Patent law in the United States provides a patent term adjustment (PTA) to compensate patent owners where there have been excessive patent office delays in prosecution of their patent applications. One type of delay for which a PTA compensates is where the USPTO fails to issue a patent within three years of the filing of the patent application. The USPTO calculates the number of days of accrued PTA and adds it to the basic patent term.
Where an examiner has issued a “final rejection” on an application, examination can be re-opened by submission of a Request for Continued Examination (RCE) and payment of a fee. There is a provision which restricts PTA in respect of delay in issuing a patent where an RCE has been filed. The patent office had interpreted this provision to mean that if more than three years had elapsed from the filing of the patent application, and a patent had not issued, the filing of RCE would stop any further accumulation of PTA.

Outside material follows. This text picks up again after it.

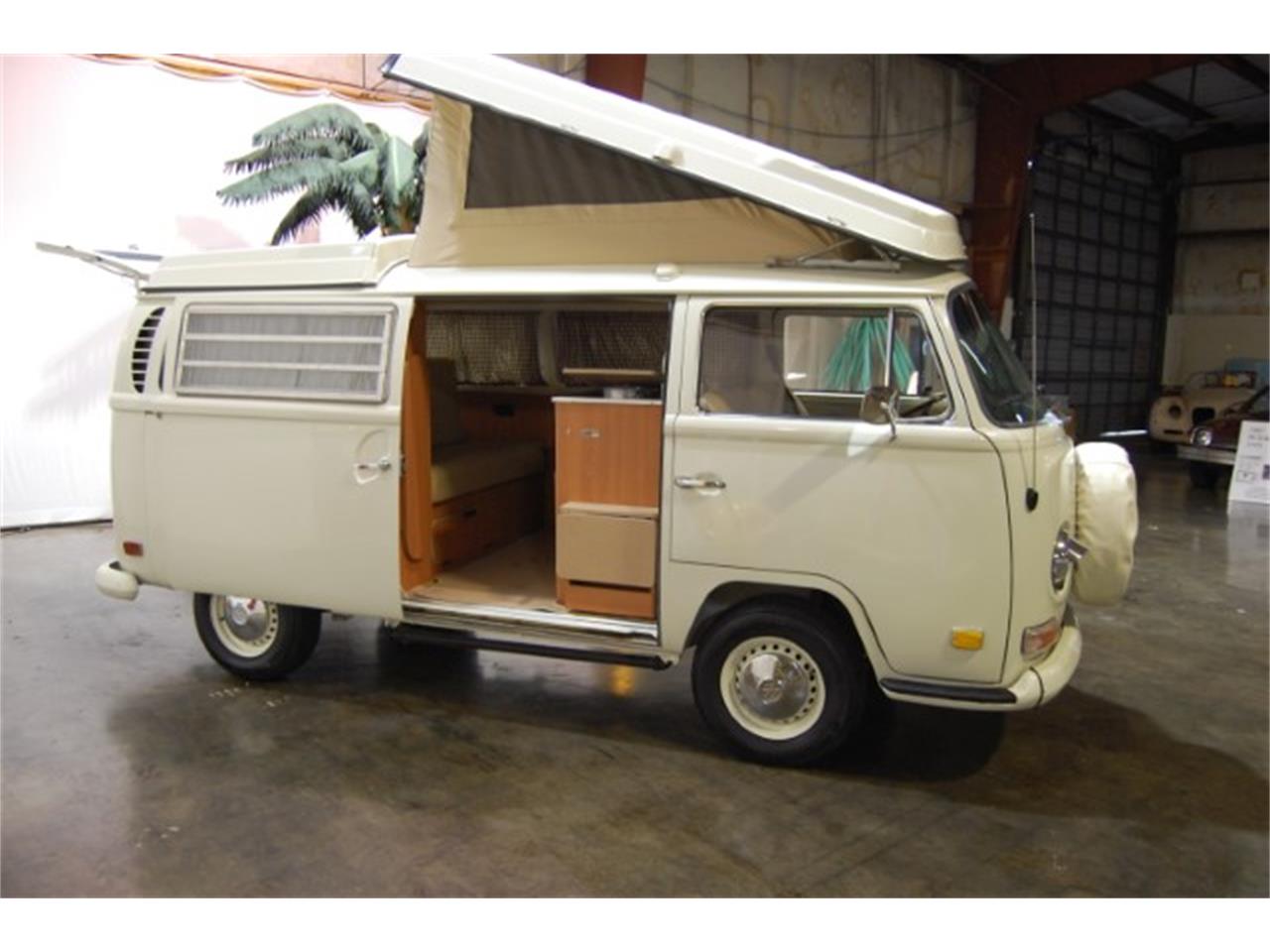 1971 VW Westy Camper Van finished in white with tan interior.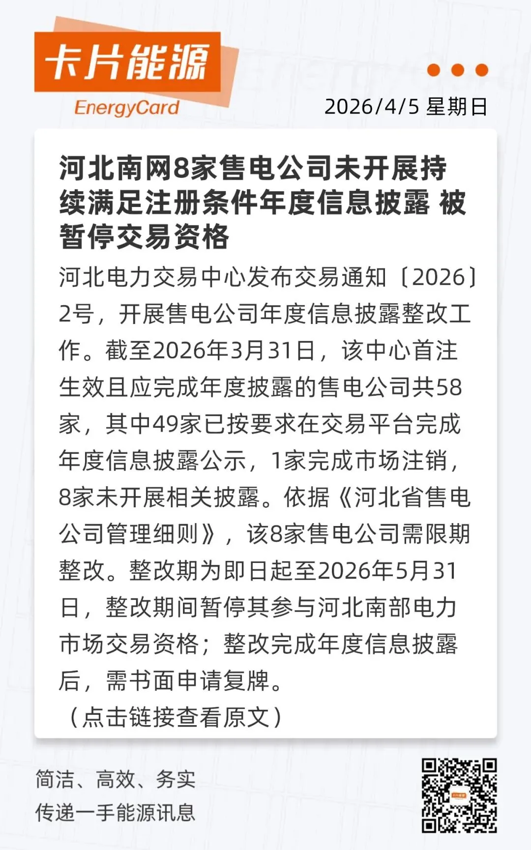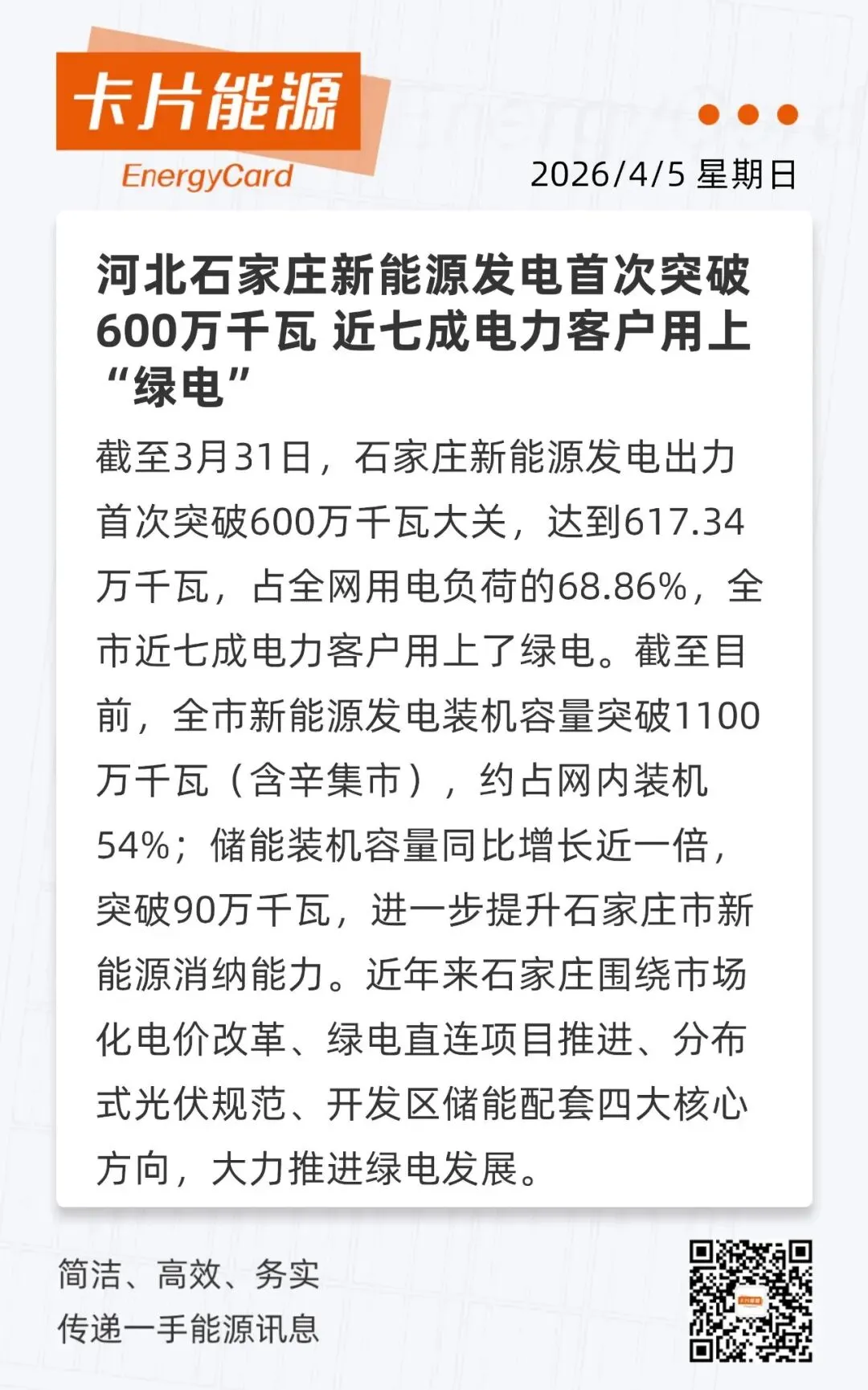 卡片晨讯:河北石家庄新能源发电首次突破600万千瓦 近七成电力客户用上“绿电”(附音频解读)

In its decision in Exelixis, Inc. v. Kappos (No. 1:12cv96 (1 Nov. 2012)), the District Court for the Eastern District of Virginia has held that this interpretation was wrong, and that the filing of an RCE more than three years after the filing of the patent application does not stop the accumulation of PTA.
Owners of patents on which PTA has been undercalculated can seek correction of the PTA by filing a Request for Reconsideration and an associated fee with the USPTO within two (2) months from the date of issuance of the patent. Correction can also be sought via a civil court action (which would be considerably more expensive). Such an action must be commenced within 180 days of the issuance of the patent.
The finding in Exelixis has been applied by the District Court for the District of Columbia in Novartis AG v. Kappos (No.10-cv-1138 (15 Nov. 2012). The decisions could be the subject of an appeal by the USPTO.